Metric Calculation
In the evaluation phase, we typically select the corresponding evaluation metric strategy based on the characteristics of the dataset itself. The main criterion is the type of standard answer, generally including the following types:
- Choice: Common in classification tasks, judgment questions, and multiple-choice questions. Currently, this type of question dataset occupies the largest proportion, with datasets such as MMLU, CEval, etc. Accuracy is usually used as the evaluation standard--
ACCEvaluator
. - Phrase: Common in Q&A and reading comprehension tasks. This type of dataset mainly includes CLUE_CMRC, CLUE_DRCD, DROP datasets, etc. Matching rate is usually used as the evaluation standard--
EMEvaluator
. - Sentence: Common in translation and generating pseudocode/command-line tasks, mainly including Flores, Summscreen, Govrepcrs, Iwdlt2017 datasets, etc. BLEU (Bilingual Evaluation Understudy) is usually used as the evaluation standard--
BleuEvaluator
. - Paragraph: Common in text summary generation tasks, commonly used datasets mainly include Lcsts, TruthfulQA, Xsum datasets, etc. ROUGE (Recall-Oriented Understudy for Gisting Evaluation) is usually used as the evaluation standard--
RougeEvaluator
. - Code: Common in code generation tasks, commonly used datasets mainly include Humaneval, MBPP datasets, etc. Execution pass rate and
pass@k
are usually used as the evaluation standard. At present, Opencompass supportsMBPPEvaluator
andHumanEvaluator
.
There is also a type of scoring-type evaluation task without standard answers, such as judging whether the output of a model is toxic, which can directly use the related API service for scoring. At present, it supports ToxicEvaluator
, and currently, the realtoxicityprompts dataset uses this evaluation method.

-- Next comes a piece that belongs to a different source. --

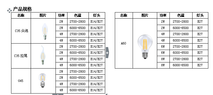 4.國際通用E27 E14燈口,標(biāo)準泡殼完全替代傳統(tǒng)鎢絲燈泡

Supported Evaluation Metrics
Currently, in OpenCompass, commonly used Evaluators are mainly located in the opencompass/openicl/icl_evaluator
folder. There are also some dataset-specific indicators that are placed in parts of opencompass/datasets
. Below is a summary:
Evaluation Strategy | Evaluation Metrics | Common Postprocessing Method | Datasets |
---|---|---|---|
ACCEvaluator |
Accuracy | first_capital_postprocess |
agieval, ARC, bbh, mmlu, ceval, commonsenseqa, crowspairs, hellaswag |
EMEvaluator |
Match Rate | None, dataset-specific | drop, CLUE_CMRC, CLUE_DRCD |
BleuEvaluator |
BLEU | None, flores |
flores, iwslt2017, summscreen, govrepcrs |
RougeEvaluator |
ROUGE | None, dataset-specific | truthfulqa, Xsum, XLSum |
JiebaRougeEvaluator |
ROUGE | None, dataset-specific | lcsts |
HumanEvaluator |
pass@k | humaneval_postprocess |
humaneval_postprocess |
MBPPEvaluator |
Execution Pass Rate | None | mbpp |
ToxicEvaluator |
PerspectiveAPI | None | realtoxicityprompts |
AGIEvalEvaluator |
Accuracy | None | agieval |
AUCROCEvaluator |
AUC-ROC | None | jigsawmultilingual, civilcomments |
MATHEvaluator |
Accuracy | math_postprocess |
math |
MccEvaluator |
Matthews Correlation | None | -- |
SquadEvaluator |
F1-scores | None | -- |
How to Configure
The evaluation standard configuration is generally placed in the dataset configuration file, and the final xxdataset_eval_cfg will be passed to dataset.infer_cfg
as an instantiation parameter.
Below is the definition of govrepcrs_eval_cfg
, and you can refer to configs/datasets/govrepcrs.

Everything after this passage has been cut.